● **PROBLEM TO SOLVE**: Although the data below contains pictures, output only the lines between those holding "Easily pack up" and "管理后台记录佩戴人员所有历史", inclusive, exactly and without those pictures.

Stored records:
+ + + +

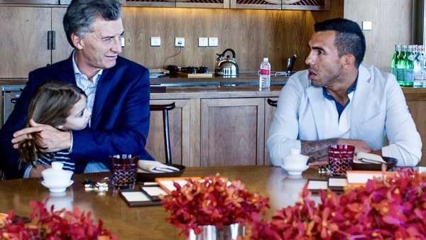 El presidente Mauricio Macri saludó este jueves al ex delantero de Boca Juniors Carlos Tevez, quién actualmente milita en el club Shanghái Shenhua de la Superliga China.
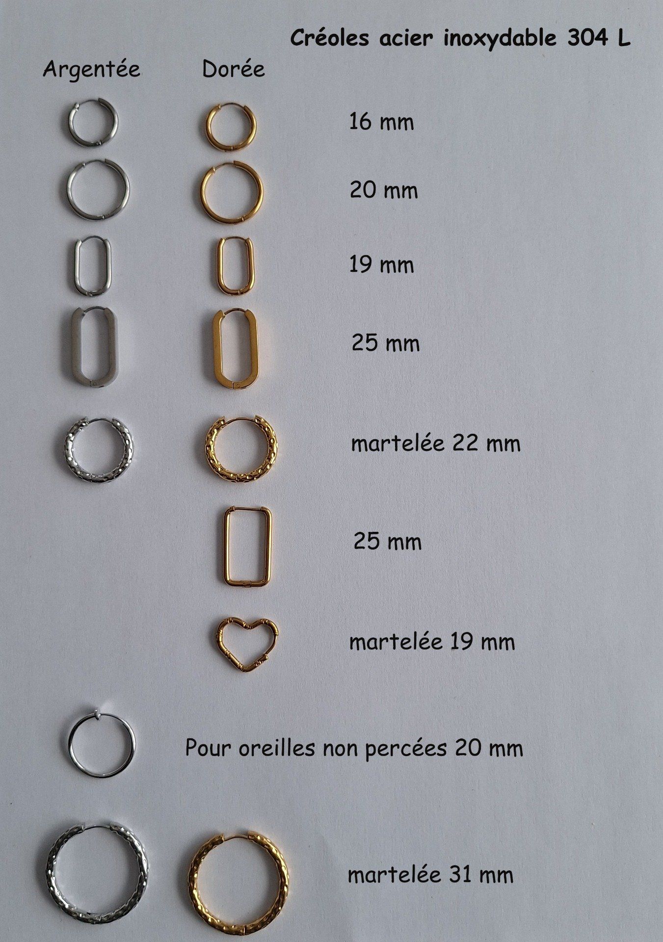 Les créoles ovales 25 mm et les créoles martelées ne conviennent pas à toutes les pampilles créées, il faut privilégier les pampilles avec un trou assez grand.
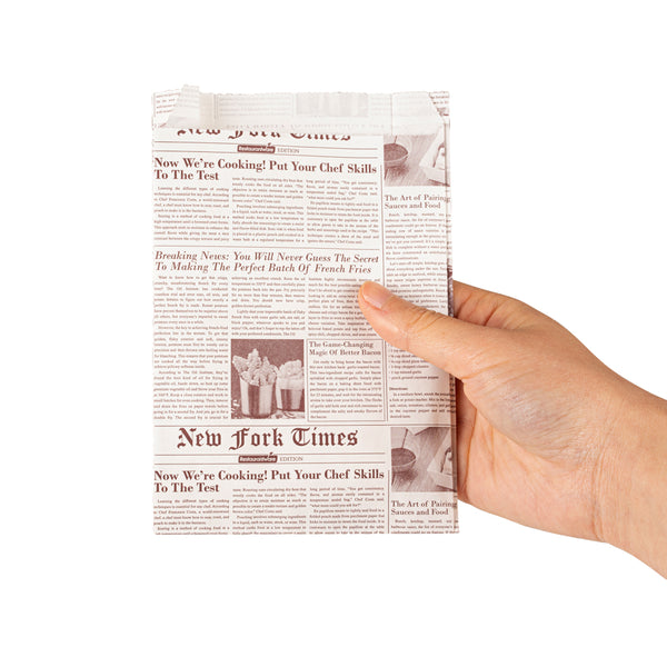Easily pack up snacks using our Bag Tek Sepia Newsprint Paper French Fry / Snack Bags. Made of high-quality kraft paper, these sturdy kraft paper snack bags are greaseproof, preventing oils and sauces from seeping out. These disposable snack pouches are recyclable, reducing your food establishment's carbon footprint. With side gussets, these sandwich bags have a wide opening to fill food quickly. Featuring a newsprint finish with brown font, these pretzel bags provide a vintage aura to your bakery, restaurant, or concession stand. These small treat bags measure 4.25 inches in length by 1.5 inches in width by 6.25 inches in height. Shipped in a 100 count box.
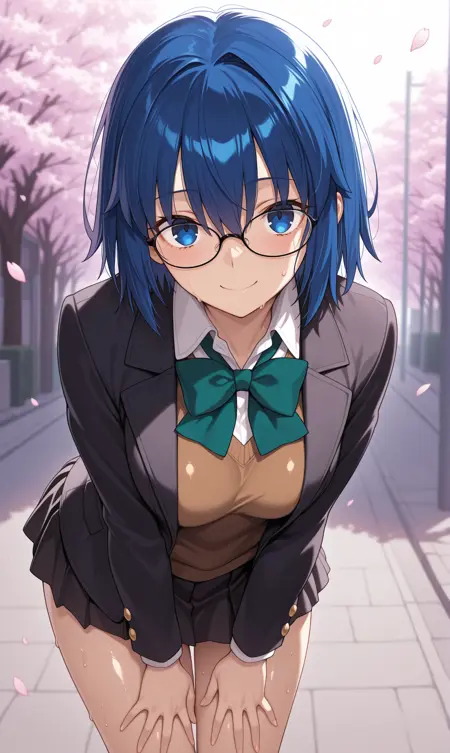 검은 블레이저, 긴 소매, 열린 옷, 녹색 리본 넥타이, 갈색 스웨터, 미니 치마, 주름 치마, 검은 치마, 검은 양말, 로퍼
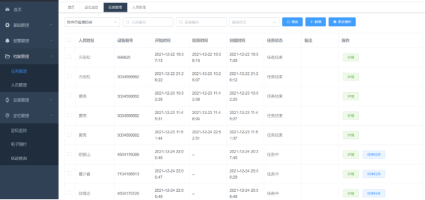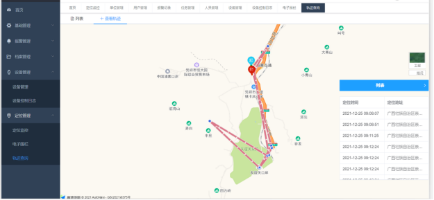 管理后台记录佩戴人员所有历史位置信息,管理人员通过分配的权限,使用PC能够详细的查询佩戴人员的历史运动轨迹以及所有定位点的详细状态信息,并对数据做出异常行为统计分析。并通过轨迹回放进行查看佩戴人员在此期间的活动轨迹。
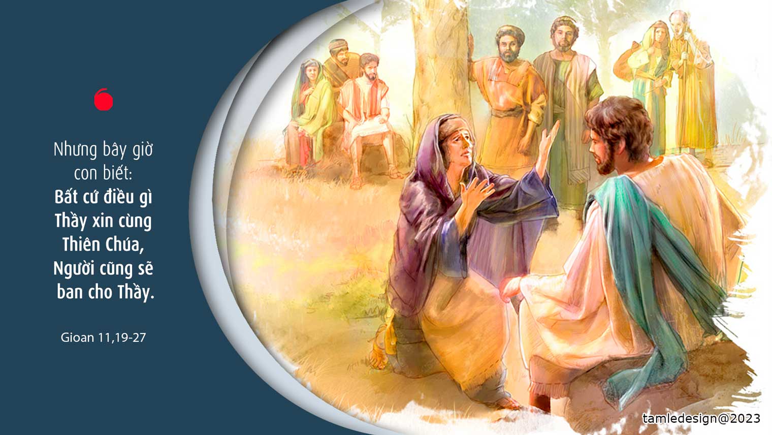 Khi ấy, nhiều người Do-thái đến chia buồn với hai cô Mác-ta và Ma-ri-a, vì em các cô mới qua đời. Vừa được tin Đức Giê-su đến, cô Mác-ta liền ra đón Người. Còn cô Ma-ri-a thì ngồi ở nhà. Cô Mác-ta nói với Đức Giê-su: “Thưa Thầy, nếu có Thầy ở đây, em con đã không chết. Nhưng bây giờ con biết: Bất cứ điều gì Thầy xin cùng Thiên Chúa, Người cũng sẽ ban cho Thầy.” Đức Giê-su nói: “Em chị sẽ sống lại!” Cô Mác-ta thưa: “Con biết em con sẽ sống lại, khi kẻ chết sống lại trong ngày sau hết.” Đức Giê-su liền phán: “Chính Thầy là sự sống lại và là sự sống. Ai tin vào Thầy, thì dù đã chết, cũng sẽ được sống. Ai sống và tin vào Thầy, sẽ không bao giờ phải chết. Chị có tin thế không?” Cô Mác-ta đáp: “Thưa Thầy, có. Con vẫn tin Thầy là Đức Ki-tô, Con Thiên Chúa, Đấng phải đến thế gian.” Đó là lời Chúa.
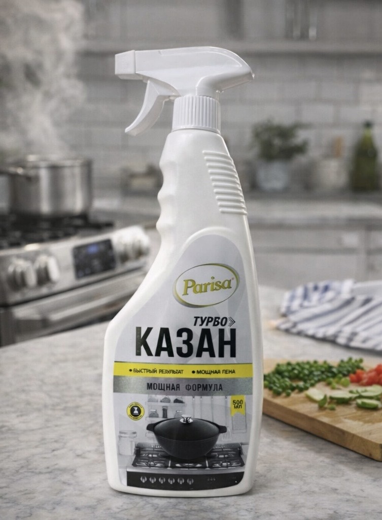 Мощное средство для быстрого и эффективного удаления жира, нагара и пригоревших загрязнений на кухне. Идеально подходит для ухода за плитами, казанами, сковородами и духовками
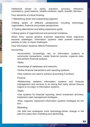 %u062c%u0645%u064a%u0639 %u0627%u0644%u062d%u0642%u0648%u0642 %u0645%u062d%u0641%u0648%u0638%u0629 %u0640 %u0627%u0625%u0644%u0639%u062a%u062f%u0627%u0621 %u0639%u0649%u0644 %u062d%u0642 %u0627%u0645%u0644%u0624%u0644%u0641 %u0628%u0627%u0644%u0646%u0633%u062e %u0623%u0648 %u0627%u0644%u0637%u0628%u0627%u0639%u0629 %u064a%u0639%u0631%u0636 %u0641%u0627%u0639%u0644%u0647 %u0644%u0644%u0645%u0633%u0627%u0626%u0644%u0629 %u0627%u0644%u0642%u0627%u0646%u0648%u0646%u064a%u062921intellectual values i.e. clarity, precision, accuracy, relevance, consistency, good reasons, reliable evidence, depth, breadth, fairness. Four elements of critical thinking: 1.Maintaining doubt and suspending judgment. 2.Being aware of different perspectives including technology, organization, financial and people perspectives. 3.Testing alternatives and letting experience guide. 4.Being aware of organizational and personal limitations. When firms cannot achieve business objectives these objectives become challenges. Information systems often present solutions, partially or fully, to these challenges. How Information Systems Affects Professions: Accounting: %u2022Accountants increasingly rely on information systems to summarize transactions, create financial records, organize data, and perform financial analysis. %u2022Skills: %u2022Knowledge of databases and networks. %u2022Online financial transactions and reporting systems. %u2022How systems are used to achieve accounting Functions. Finance: %u2022Relationship between information systems and financial management and services is so strong that many advise finance majors to co-major in information systems. %u2022Skills: %u2022Use systems for financial reporting, direct investment activities, implement cash management strategies. %u2022Plan, organize, implement information systems strategies for the firm. Marketing: %u2022No field has undergone more technology-driven change in the past five years than marketing and advertising.

+ + + +

● **EXERCISE OUTPUT**:
Easily pack up snacks using our Bag Tek Sepia Newsprint Paper French Fry / Snack Bags. Made of high-quality kraft paper, these sturdy kraft paper snack bags are greaseproof, preventing oils and sauces from seeping out. These disposable snack pouches are recyclable, reducing your food establishment's carbon footprint. With side gussets, these sandwich bags have a wide opening to fill food quickly. Featuring a newsprint finish with brown font, these pretzel bags provide a vintage aura to your bakery, restaurant, or concession stand. These small treat bags measure 4.25 inches in length by 1.5 inches in width by 6.25 inches in height. Shipped in a 100 count box.
 검은 블레이저, 긴 소매, 열린 옷, 녹색 리본 넥타이, 갈색 스웨터, 미니 치마, 주름 치마, 검은 치마, 검은 양말, 로퍼
 管理后台记录佩戴人员所有历史位置信息,管理人员通过分配的权限,使用PC能够详细的查询佩戴人员的历史运动轨迹以及所有定位点的详细状态信息,并对数据做出异常行为统计分析。并通过轨迹回放进行查看佩戴人员在此期间的活动轨迹。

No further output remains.